Effluent characteristics: Effluent limitation (mg/l).

Oil and Grease: 35.

[44 FR 22075, Apr. 13, 1979, as amended at 60 FR 33967, June 29, 1995]

Subpart F—Stripper Subcategory

§435.60   Applicability; description of the stripper subcategory.

The provisions of this subpart are applicable to those onshore facilities which produce 10 barrels per well per calendar day or less of crude oil and which are operating at the maximum feasible rate of production and in accordance with recognized conservation practices. These facilities are engaged in production, and well treatment in the oil and gas extraction industry.

§435.61   Specialized definitions.

For the purpose of this subpart:

(a) Except as provided below, the general definitions, abbreviations, and methods of analysis set forth in 40 CFR part 401 shall apply to this subpart.

(b) The term “onshore” shall mean all land areas landward of the inner boundary of the territorial seas as defined in 40 CFR 125.1(gg).

(c) The term “well” shall means crude oil producing wells and shall not include gas wells or wells injecting water for disposal or for enchanced recovery of oil or gas.

(d) The term “gas well” shall mean any well which produces natural gas in a ratio to the petroleum liquids produced greater than 15,000 cubic feet of gas per 1 barrel (42 gallons) of petroleum liquids.

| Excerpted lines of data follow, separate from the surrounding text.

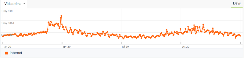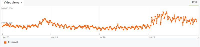 Jak vyplývá z následujících grafů, počet video přehrání na českém internetu byl nejvyšší loni na podzim, přibližně od října do prosince. Naopak čas strávený sledováním videa byl nejvyšší v jarních měsících.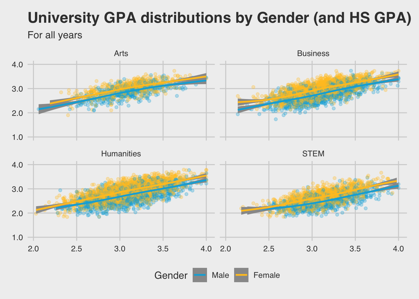 In this graph, we define a 4x2 grid of graphs based on the applicants possible major types and gender. In this default setup, each graph has the same x- and y-axes.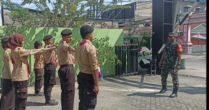 MEDAN – Babinsa Koramil 0201-10/MM Sertu Trisno Abadi Memberikan pembinaan kepada anggota Pramuka Saka Wira

Subpart G—General Provisions

§435.70   Applicability.

(a) Purpose. This subpart is intended to prevent oil and gas facilities, for which effluent limitations guidelines and standards, new source performance standards, or pretreatment standards have been promulgated under this part, from circumventing the effluent limitations guidelines and standards applicable to those facilities by moving effluent produced in one subcategory to another subcategory for disposal under less stringent requirements than intended by this part.

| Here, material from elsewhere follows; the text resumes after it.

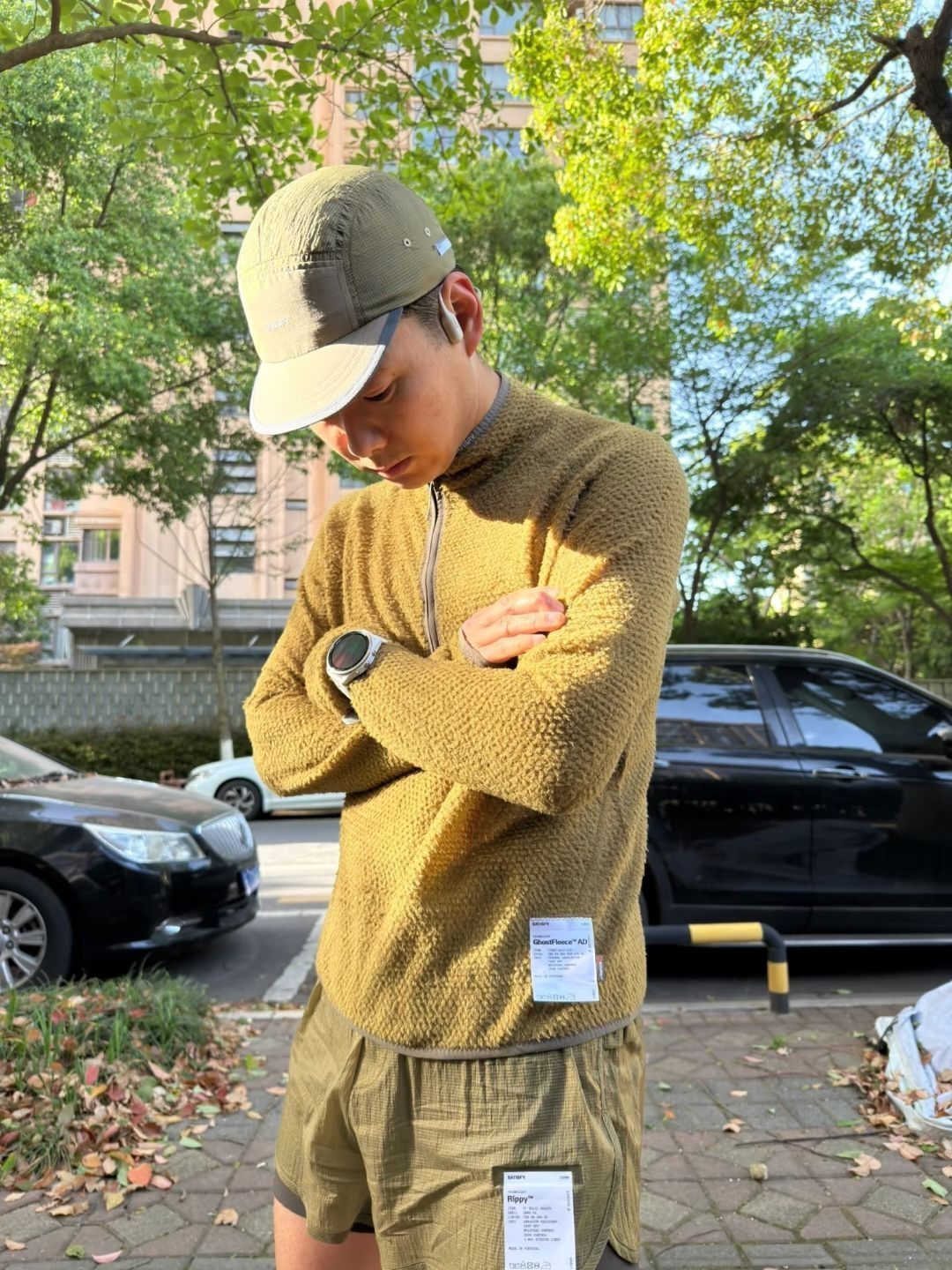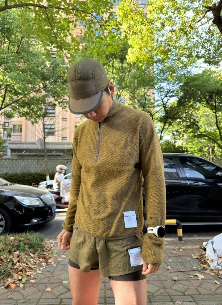 今日跑步🏃 🧢:Satisfy Rippy™Trail Cap 👔:Satisfy GhostFleece™AD Light Half-Zip 🩳:Satisfy Rippy™3" Trail Shorts 🧦:Satisfy Merino Tube Socks 👟:Brooks Glycerin max ⌚️:Garmin Forerunner965+Coros心率带 🎧:Shokz S810

(b) Applicability. The effluent limitations and standards applicable to an oil and gas facility shall be determined as follows:

(1) An Oil and Gas facility, operator, or its agent or contractor may move its wastewaters from a facility located in one subcategory to another subcategory for treatment and return it to a location covered by the original subcategory for disposal. In such case, the effluent limitations guidelines, new source performance standards, or pretreatment standards for the original subcategory apply.

(2) An Oil and Gas facility, operator, or its agent or contractor may move its wastewaters from a facility located in one subcategory to another subcategory for disposal or treatment and disposal, provided:

(i) If an Oil and Gas facility, operator or its agent or contractor moves wastewaters from a wellhead located in one subcategory to another subcategory where oil and gas facilities are governed by less stringent effluent limitations guidelines, new source performance standards, or pretreatment standards, the more stringent effluent limitations guidelines, new source performance standards, or pretreatment standards applicable to the subcategory where the wellhead is located shall apply.

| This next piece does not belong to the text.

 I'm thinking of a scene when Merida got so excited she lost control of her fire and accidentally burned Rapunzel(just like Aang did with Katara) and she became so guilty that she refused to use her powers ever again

(ii) If an Oil and Gas facility, operator or its agent moves effluent from a wellhead located in one subcategory to another subcategory where oil and gas facilities are governed by more stringent effluent limitations guidelines, new source performance standards, or pretreatment standards, the more stringent effluent limitations guidelines, new source performance standards, or pretreatment standards applicable at the point of discharge shall apply.